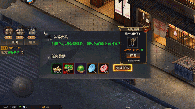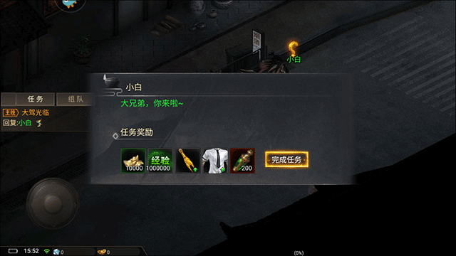 5、然后在街头继续选择并点击“完成任务”的选项即可获得任务奖励;
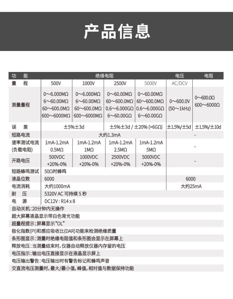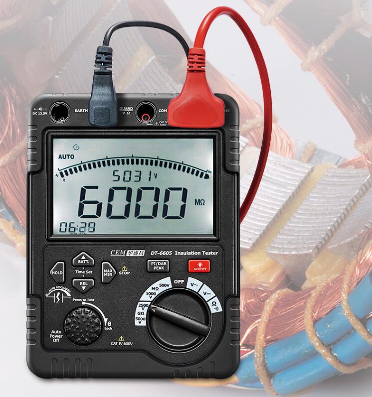 El comprobador profesional de resistencia de aislamiento de alto voltaje DT-6605 es un instrumento portátil. Se utiliza principalmente para medir voltaje CA/CC, resistencia, pruebas de zumbador de cortocircuito y resistencia de aislamiento.
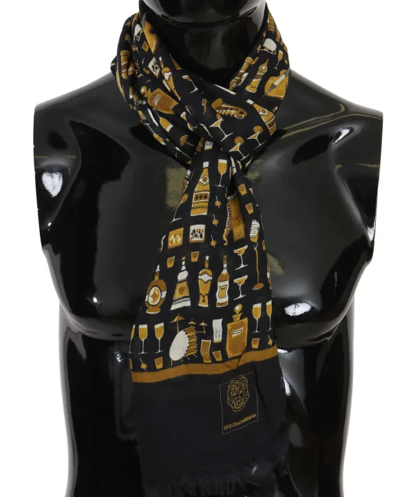 Dolce & Gabbana Blauw Modal Kasjmier Cocktail Print Heren Sjaal

EXERCISE PROMPT: The whole listing should be reproduced exactly. Images don't go in.

SOLUTION:
 5、然后在街头继续选择并点击“完成任务”的选项即可获得任务奖励;
 El comprobador profesional de resistencia de aislamiento de alto voltaje DT-6605 es un instrumento portátil. Se utiliza principalmente para medir voltaje CA/CC, resistencia, pruebas de zumbador de cortocircuito y resistencia de aislamiento.
 Dolce & Gabbana Blauw Modal Kasjmier Cocktail Print Heren Sjaal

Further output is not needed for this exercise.